[jcifs] BFS vs DFS

Fri Jul 27 08:26:59 EST 2001

> -----Original Message-----
> From:	Torgny Johansson [SMTP:torgny.johansson at kommun.ljungby.se]
> 
> What is the best thing to do then?
> I've written a crawler that just lists all the computers in the workgroups
> from top to bottom (currently not threaded) and it takes very long time to
> do a full "crawl". About 11 hours for 430 pcs (far from every pc have
> shares) and that seems all too long. My code probably (read most
> certainly...) not optimized, so briefly; which is the way to go to create an
> efficient crawler?
> 
	I think you should try the crawler example and modify that as you need.
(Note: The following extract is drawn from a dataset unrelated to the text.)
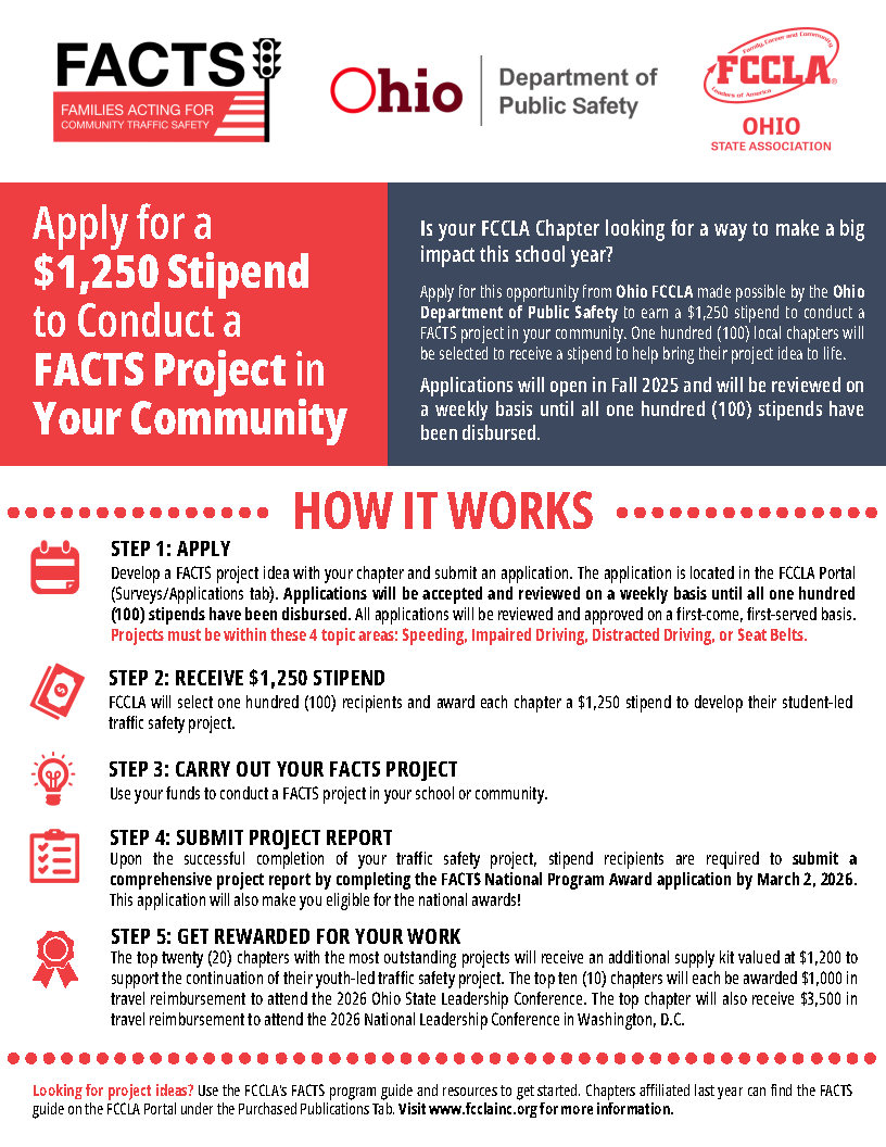 Ohio FCCLA and the Ohio Department of Public Safety are partnering to offer up to 100 Ohio FCCLA chapters a $1,250 stipend each to conduct a FACTS project in their community. Chapters interested in receiving the stipend must complete this application.

I
	don't think it's possible that it take 11 hours to crawl over 400 PCs unless
	it digs down into many subdirectories. There could be some sort of timeout
	occurng. The ThreadedSmbCrawler example does ok -- I have seen it
	enumerate every share on 200+ hosts in about 10-15 minutes. This does
	not include files or directories within those shares of course. Doing operations
	in parallel (meaning using threads) will speed things up quite a bit. Similarly,
	choosing a proper traversal algorithm could make a dramatic difference. You
	should really look at traces of whats happening. Think of it this way -- if you
	can spew 100+ packets per second and you can confirm that each is doing
	something worthy then you're doing ok. SMB is a pretty verbose protocol.
	There are quite a few optimisations that can be performed but you have to be
	able to understand the network traces.

	As for BFS vs. DFS I don't know what the best algorithm would be. You want
	to keep the active list of URLs to search small and related hierarchially so
	that your not openning dozens of connections to different hosts and don't
	maintain a big list of Strings in memory. I think DFS would be better but I
	don't really know for sure. I'll leave that to the mp3 seekers :~)

	Mike